The crime/policing plot keeps the story moving along, but the book is largely made up of snapshots of users, dealers, boosters, and so on. The nice, respectable people are a little flat as characters, whereas the junkies are harrowing and vivid. Several scenes depict characters who are “bogue” (there is a glossary in the back), which here means sick (or getting sick) from withdrawal. Check out, Rudy Black, who has a heavy habit, suffering from withdrawal in his jail cell: “He lay groveling on the floor, his body jerking uncontrollably, his eyes twitching, his mouth yawning until the bones in his face felt as though they were slowly breaking, the mess from his nose streaking and drying on his face in tight, slick bands. He crawled over to the toiled and threw up blood in it.”

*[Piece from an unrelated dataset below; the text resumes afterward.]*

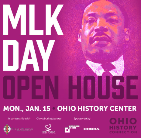 The Ohio History Connection presents the annual MLK Open House. Celebrate the life and legacy of civil rights leader Dr. Martin Luther King through visual and performing art performances. This is a unique opportunity to learn about the impact of Dr. King’s teachings and learn how his work changed the trajectory of the country.
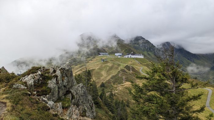 Den ganzen Tag wollen wir aber nun auch nicht im Haus verbringen. Also haben wir uns in die Autos gesetzt und sind das Tal hinauf nach Gaschurn gefahren. Wegen des schlechten Wetters war hier auch nicht viel los und dann saßen wir auch schon in der Gondel hinauf in das Silvretta Skigebiet. Hier wollten wir zusammen mit Oma und Opa etwas rumlaufen, solange es das Wetter zuließ. Markus wollte nicht mitkommen und stattdessen ins Schwimmbad gehen.

And it gets worse. I don’t think I’ve read a book with so much vomiting -- from withdrawal and after shooting up.

Cooper wrote a handful of other novels, several of which were reprinted by Old School Books. The Scene was published by Crown (Random House) in 1960; his subsequent books came out (mostly, I think) from pulp publisher Regency House. Wikipedia tells me that Cooper -- writer, ex-con, junkie -- died in 1978 at age 43 or 44. I’m going to keep an eye out for some of his other books.

Thursday, August 11, 2011

Joe Gores's Dead Skip: Bay Area History and the Missing Parker Scene

Back to crime fiction (and a wannabe Friday's Forgotten Books entry, a day early). Joe Gores -- crime fiction writer, Edgar winner, Hammett aficionado -- died earlier this year, and I had never read any of his books. I started with his first DKA series book, Dead Skip (1972). DKA stands for Dan Kearny Associates -- a PI agency that repos cars.

At the outset, one of the repo men Bart Heslip gets clocked and put in a coma, and his buddy Larry Ballard investigates. It's a straightforward, procedural-oriented book -- with Ballard chasing down leads, following clues, pounding the pavement, and solving some riddles, along with his boss, the gruff Dan Kearny and his fetching colleague Giselle Marc.

I enjoyed the book, but it really shone in two (subjective) areas for me. First, the book is a great time piece of the San Francisco-Bay Area in the early 70s. We see seedy and fancy parts of San Francisco, and then the book rotates out to the East Bay -- my old stomping grounds. Ballard ends up in the dumpy burbs/burgs of Concord and Martinez, complete with a visit to the decrepit Contra Costa County jail. (I visited this jail a couple of times in the 1980s, but it was a newer version.) We also see a neighborhood gutted and gouged for construction of BART (Bay Area Rapid Transit), which began service in 1972.

I had this same experience of regional familiarity when reading Plunder Squad, one of the late first-phase Parker heist novels by Donald Westlake (writing as Richard Stark); Parker ends up in Concord and the Oakland hills. In one Dead Skip scene, Kearny knocks on a door -- and a big, mean man comes out to talk with him. Sure enough, it's Parker, set into this book. Gores does a great job capturing Parker's authority and expertise. It's a little gimmicky -- but really works. I felt like I had unexpectedly run into an old friend (a killer and heister, albeit) and found a lost bit of a favorite character.